The three flip-flops 33, 34 and 35 act in effect, for each input signal, to select the particular coding pattern which is to be utilized for that signal. More specifically, the three lines 22, 23 and 24 from the flip-flops represent three different coding patterns, one of which is selected for each bit cell by actuation of the associated flip-flop to its upper state, to disconnect the corresponding line 22,23 or 24 from ground. As will appear at a later point, these flip-flops are actuated, for each cell, in correspondence with the output signal actually produced in the preceding bit cell, in a manner avoiding repetition of the same output signal or state in two successive cells.

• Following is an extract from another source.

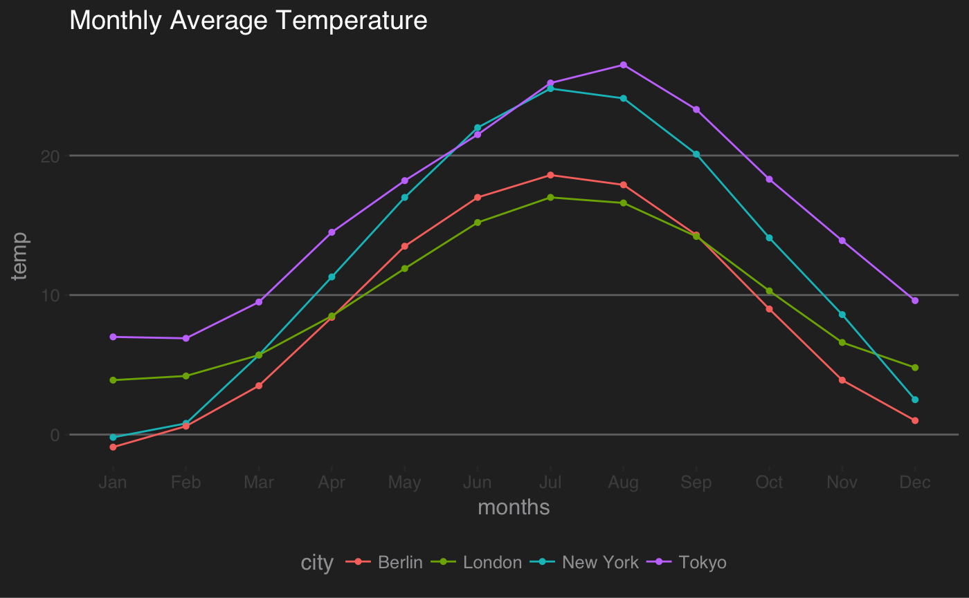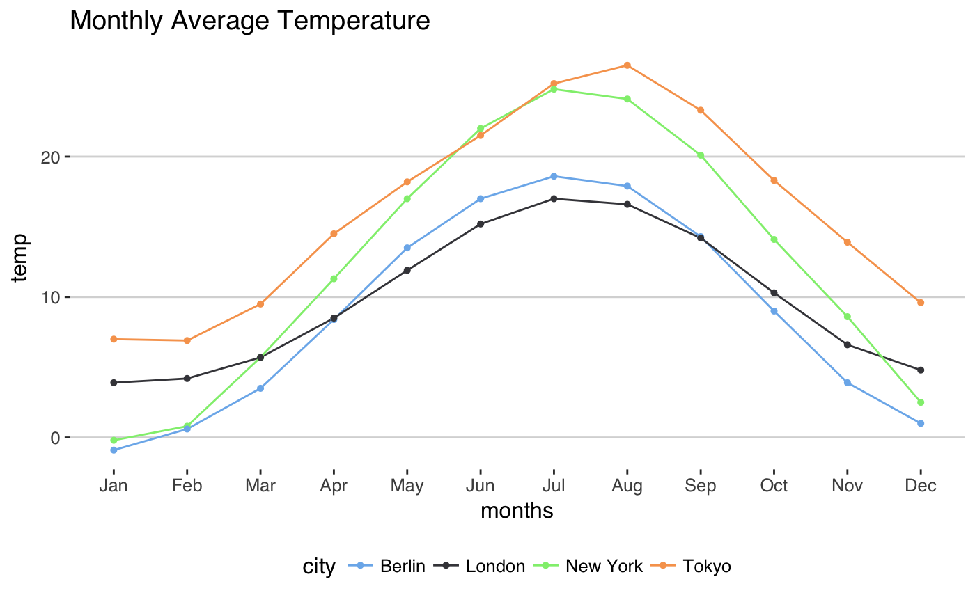 3.9, 4.2, 5.7, 8.5, 11.9, 15.2, 17.0, 16.6, 14.2, 10.3, 6.6, 4.8))ggplot(dtemp, aes(x = months, y = temp, group = city, color = city)) +

The six vertical lines 27 through 32 of diode matrix 21 in FIG. 1 are connected by five individual load resistors 42 to the positive terminal 44 of a direct current power source whose negative terminal is connected to ground. Each of the vertical lines is connected at its lower end to one of the three OR-circuits 50, 51 and 52, and is also connected by two diodes 53 to one of the flip-flop lines 22, 23 or 24, and to one of the two input lines 25 or 26. For example, the left-hand vertical line 27 is connected by a first diode to line 22 from flip-flop 33, and by a second diode to line 25 leading to data source 16. Similarly, the second vertical line 28 is connected through one diode to line 22, and through a second diode to line 26. Each of the vertical lines and the two associated diodes (and related circuitry) form together an AND circuit, which delivers a positive electrical signal (logically, true) to the corresponding OR-circuit 50, 51 or 52 only when the two horizontal lines to which the vertical line is connected by diodes are both disconnected from ground. In the case of the left-hand vertical line in the diode matrix of FIG. 1, current flows to ground from that vertical line through one or both of the connected diodes 53 so long as either of the lines 22 or 25 is grounded. Only when both of these lines are disconnected from ground at the same time is the positive potential at 44 communicated to the associated OR-circuit 52 by line 27. Similarly, the other vertical lines actuate their associated OR-circuit 50, 51 or 52 only when both ground connections from a particular line through the associated diodes are broken at the same time. The vertical lines are connected to the OR-circuits 50, 51 and 52 in pairs, in the relation illustrated in FIG. 1.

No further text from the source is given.